DB Name | DB Id | Instance | Inst num | Startup Time | Release | RAC |
ORCL | 4567890123 | ORCL1 | 1 | 07-Jan-15 19:01 | 11.1.0.6.0 | YES |
Host Name | Platform | CPUs | Cores | Sockets | Memory (GB) |
orcl1 | AIX-Based Systems (64-bit) | 16 | 8 |
| 61.50 |
| Snap Id | Snap Time | Sessions | Cursors/Session |
Begin Snap: | 41170 | 06-Mar-15 09:58:35 | 205 | 17.2 |
End Snap: | 41171 | 06-Mar-15 10:58:26 | 194 | 18.3 |
Elapsed: |
| 59.85 (mins) |
|
|
DB Time: |
| 644.49 (mins) |
|
|
查看CPU个数:
$ bindprocessor -q
The available processors are: 0 1 2 3 4 5 6 7 8 9 10 11 12 13 14 15
在此快照间隔中, 总共约 60 分钟, cpu 就共有 60*16=960 分钟, DBtime为 644.49 分钟,则:
cpu 花费了 644.49 分钟在处理 Oralce 非空闲等待和运算上(比方逻辑读)

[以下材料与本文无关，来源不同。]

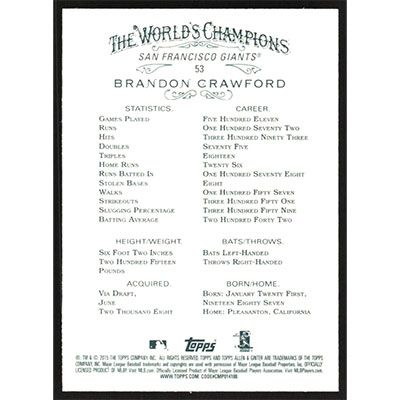 This is a 2015 Topps Allen & Ginter Brandon Crawford baseball card. The card is #53 and pictures show condition.
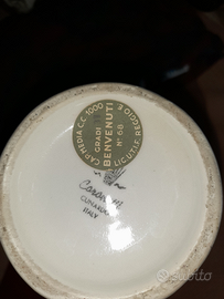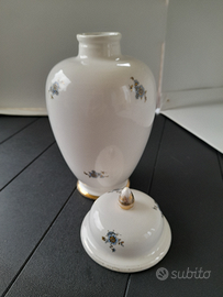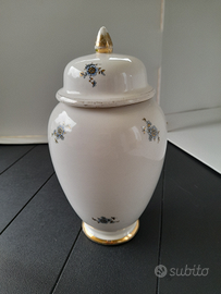 Vendo vaso in ceramica bianca anni 50 ,con coperchio, decorato con motivi floreali e scena in oro. Altezza circa 22cm e larghezza massima circa 12

也就是说 cpu 有 644.49 /960*100%=67% 花费在处理 Oracle 的操作上,这还不包括后台进程
Top5 Timed Foreground Events
Event | Waits | Time(s) | Avg wait (ms) | % DB time | Wait Class |
cursor: pin S wait on X | 3,579,491 | 35,037 | 10 | 90.61 | Concurrency |
library cache pin | 259 | 3,508 | 13543 | 9.07 | Concurrency |
DB CPU |
| 108 |
| 0.28 |
|
DFS lock handle | 13,879 | 6 | 0 | 0.02 | Other |
SQL*Net message from dblink | 6,283 | 3 | 0 | 0.01 | Network |
在这些等待事件(除了db cpu)中, 等待次数最高的是cursor: pin S wait on X
生成一下这个一个小时内的ash报告进一步分析
DB Name | DB Id | Instance | Inst num | Release | RAC | Host |
ORCL | 4567890123 | ORCL1 | 1 | 11.1.0.6.0 | YES | orcl1 |
CPUs | SGA Size | Buffer Cache | Shared Pool | ASH Buffer Size |
16 | 25,231M (100%) | 5,888M (23.3%) | 10,942M (43.4%) | M (%) |
| Sample Time | Data Source |
Analysis Begin Time: | 06-Mar-15 09:58:35 | DBA_HIST_ACTIVE_SESS_HISTORY |
Analysis End Time: | 06-Mar-15 10:58:35 | DBA_HIST_ACTIVE_SESS_HISTORY |
Elapsed Time: | 60.0 (mins) |
|
Sample Count: | 4,699 |
|
Average Active Sessions: | 13.05 |
|
Avg. Active Session per CPU: | 0.82 |
|
Report Target: | None specified |
|
Top Blocking Sessions
- Blocking session activity percentages are calculated with respect to waits on enqueues, latches and "buffer busy" only
- '% Activity' represents the load on the database caused by a particular blocking session
- '# Samples Active' shows the number of ASH samples in which the blocking session was found active.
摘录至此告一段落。